A MP muda essas regras na Lei 14.467, de 2022, que permite que as instituições financeiras deduzam do lucro líquido as perdas com as operações de crédito de clientes inadimplentes. As deduções podem ser feitas no pagamento da Contribuição Social sobre o Lucro Líquido (CSLL) e do Imposto de Renda da Pessoa Jurídica (IRPJ). Os créditos tributários poderão ser amortizados (ou compensados) ao longo de sete a dez anos, em vez de apenas 3 anos, como prevê a legislação atual.

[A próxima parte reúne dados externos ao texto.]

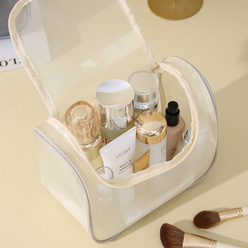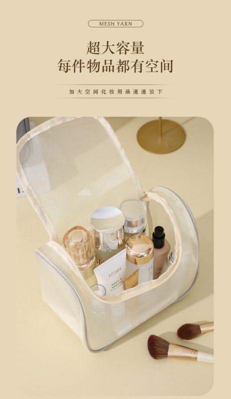 • メッシュポータブル化粧品バッグ、大容量ポータブル化粧品収納バッグ、多機能トイレタリーバッグ、高見えする湾曲バッグ
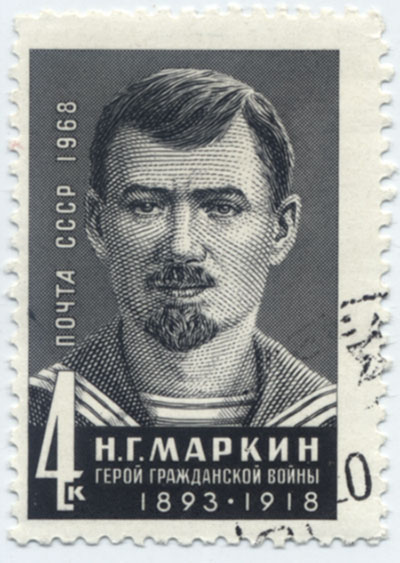 Н.Г.Маркин. Снимок до 1917 г. Маркин Николай Григорьевич [9(21).5. 1893, пос. Сыромяс, ныне Маркине Сосновоборского р-на Пензенской обл.,— 1.10.1918, ок. пос. Пьяный Бор, ныне Красный Бор Мензелинского р-на Тат. АССР], активный участник Гражд. войны. Член КПСС с 1916. В 1914 призван на флот. Служил в учебном минном отряде в Кронштадте. Участник 1-й мировой войны, унтер-офицер. После Февр. революции 1917 член Петроградского Совета от моряков. Делегат 1-го Всероссийского съезда Советов, член ВЦИК. Один из организаторов 1-го съезда моряков Балтики, участник подготовки первого устава Центр, комитета Балт. флота, член Центробалта первого созыва. М. был талантливым агитатором и организатором матросских масс. Участвовал в Окт. вооруж. восстании в Петрограде. Делегат 1-го Всерос. съезда моряков от Балт. флота. В нояб. 1917 назначен секретарём, затем контролёром Наркомата иностр. дел, где вёл борьбу с саботажем чиновников, создавая новый аппарат наркомата. В соответствии с решениями 2-го Всерос. съезда Советов по указанию В. И. Ленина организовал издание «Сборника секретных документов из архивов бывшего министерства иностранных дел». Издано 7 сборников документов, разоблачавших тайные сговоры империалистич. гос-в. С нач. июня 1918 был комиссаром для особых поручений по военно-морским делам. В том же месяце в Нижнем Новгороде (Горький) развернул формирование Волжской воен. флотилии. С августа комиссар и помощник команд, флотилией. Отряды моряков флотилии под его руководством успешно участвовали в подавлении антисов. выступлений в Поволжье, несли охрану заводов, складов, учреждений. В операции но освобождению Казани в сент. 1918 М. возглавил десант моряков. Затем участвовал в боевых действиях флотилии в р-не Пьяного Бора на р. Кама. Погиб в ожесточ. бою 1 окт. 1918 на борту вооруж. парохода «Ваня-коммунист». Именем М. назв. корабли, улицы и площади ряда городов, а село Сыромяс, где он родился, переименовано в Маркине. Использованы материалы Советской военной энциклопедии в 8-ми томах, том 5.
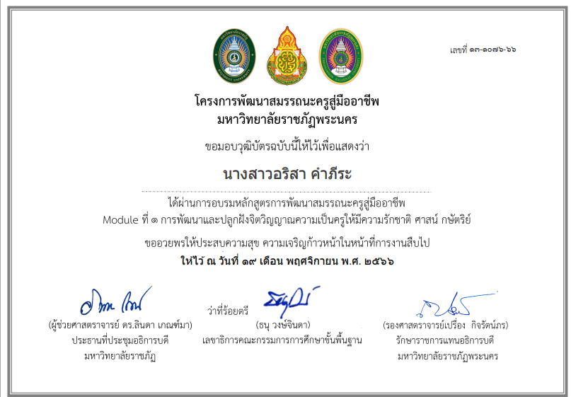 ชื่อผลงาน : โครงการพัฒนาสมรรถนะครูสู่มืออาชีพ มหาวิทยาลัยราชภัฏพระนคร
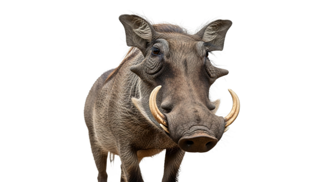 Warthog portrait headshot isolated on white background showing tusks and textured skin.
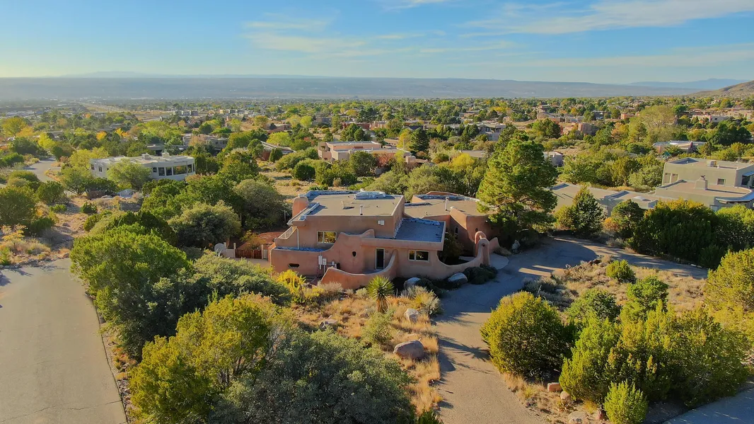 Unique Pueblo design and elevation- true Santa Fe appointments / accents throughout this inviting home with mammoth views! Custom construction by Canyon Concepts- well known builders in Sandia Heights. Proud owners made continual upgrades / updates throughout their ownership. Interior features raised T&G and plank beam ceilings, postas, one of a kind Kiva fireplace, two wood stoves and gorgeous exposed adobe walls. Incredible charm, natural light & huge views greet you in every room. Multiple large living & dining areas- all with awesome east / west orientation & mountains to city vistas. Relaxing outdoor living with inviting courtyard entry, view balcony, large patios plus Judith Phillips southwest landscape design all will captivate you. You don't want to miss this- call to see it today!
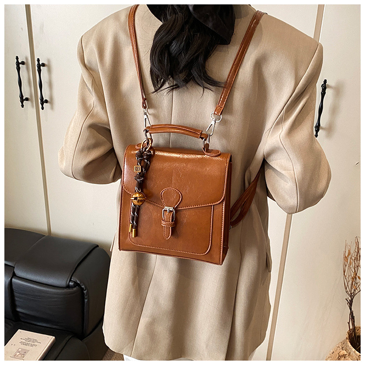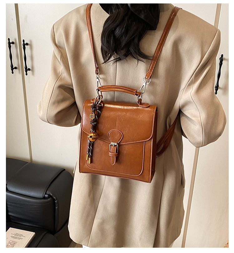 2025 nuevo estilo de moda de piel de cera de aceite de gran capacidad bolsa de viaje mochila multifuncional mochila de hombro color sólido

Essa compensação foi instituída em 2022, mas só vai entrar em vigor no ano que vem. No formato atual, as instituições financeiras podem, a partir de abril de 2025, deduzir da base de cálculo desses tributos os créditos em inadimplência apurados até 31 de dezembro de 2024, na proporção de 1/36 por mês — ou seja, diluídos durante 36 meses seguidos.

Além de adiar o início dessa dedução para janeiro de 2026, o projeto dilata a diluição para um total de 84 meses. Assim, a cada mês a partir de janeiro de 2026, as instituições poderão descontar da base de cálculo os créditos não pagos na proporção de 1/84 mensalmente.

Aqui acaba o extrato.